- Data
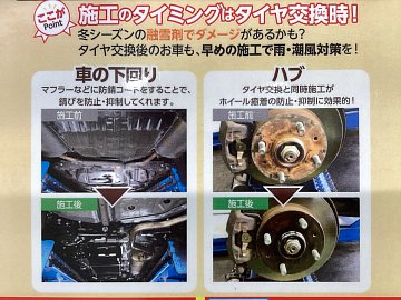 いつも当店のWEBをご覧いただきありがとうございます。 突然ですが、お客様のお車はしっかり防錆コーティングされてますか? ”車を買ってから一度もしたことがない…” そんなお客様には是非おすすめしたいのが→ 当店の防錆コーティング施工です! 上の画像の通り、施工前の錆や腐食のひどい状態から...
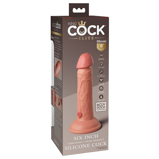 Vibrador Natural Recarregável de Silicone de Dupla Densidade da King Cock Elite em aparência de pénis hiper-realista feito de material de silicone de dupla densidade que parece pele real.
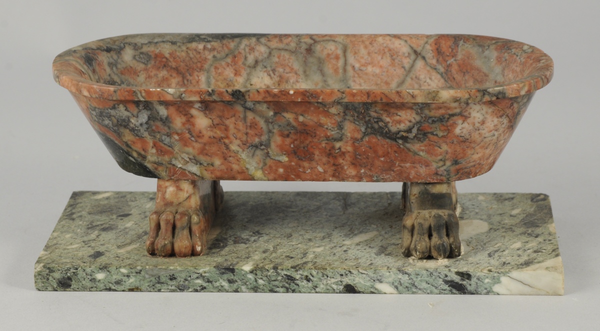 VIDE-POCHE figurant une BAIGNOIRE À L'ANTIQUE en marbre veiné rose et vert (porphyre?), reposant sur quatre pieds griffes sur un socle rectangulaire de marbre vert.

- Assignment
Leave the images out and transcribe the rest of the material exactly.

- Task output
 いつも当店のWEBをご覧いただきありがとうございます。 突然ですが、お客様のお車はしっかり防錆コーティングされてますか? ”車を買ってから一度もしたことがない…” そんなお客様には是非おすすめしたいのが→ 当店の防錆コーティング施工です! 上の画像の通り、施工前の錆や腐食のひどい状態から...
 Vibrador Natural Recarregável de Silicone de Dupla Densidade da King Cock Elite em aparência de pénis hiper-realista feito de material de silicone de dupla densidade que parece pele real.
 VIDE-POCHE figurant une BAIGNOIRE À L'ANTIQUE en marbre veiné rose et vert (porphyre?), reposant sur quatre pieds griffes sur un socle rectangulaire de marbre vert.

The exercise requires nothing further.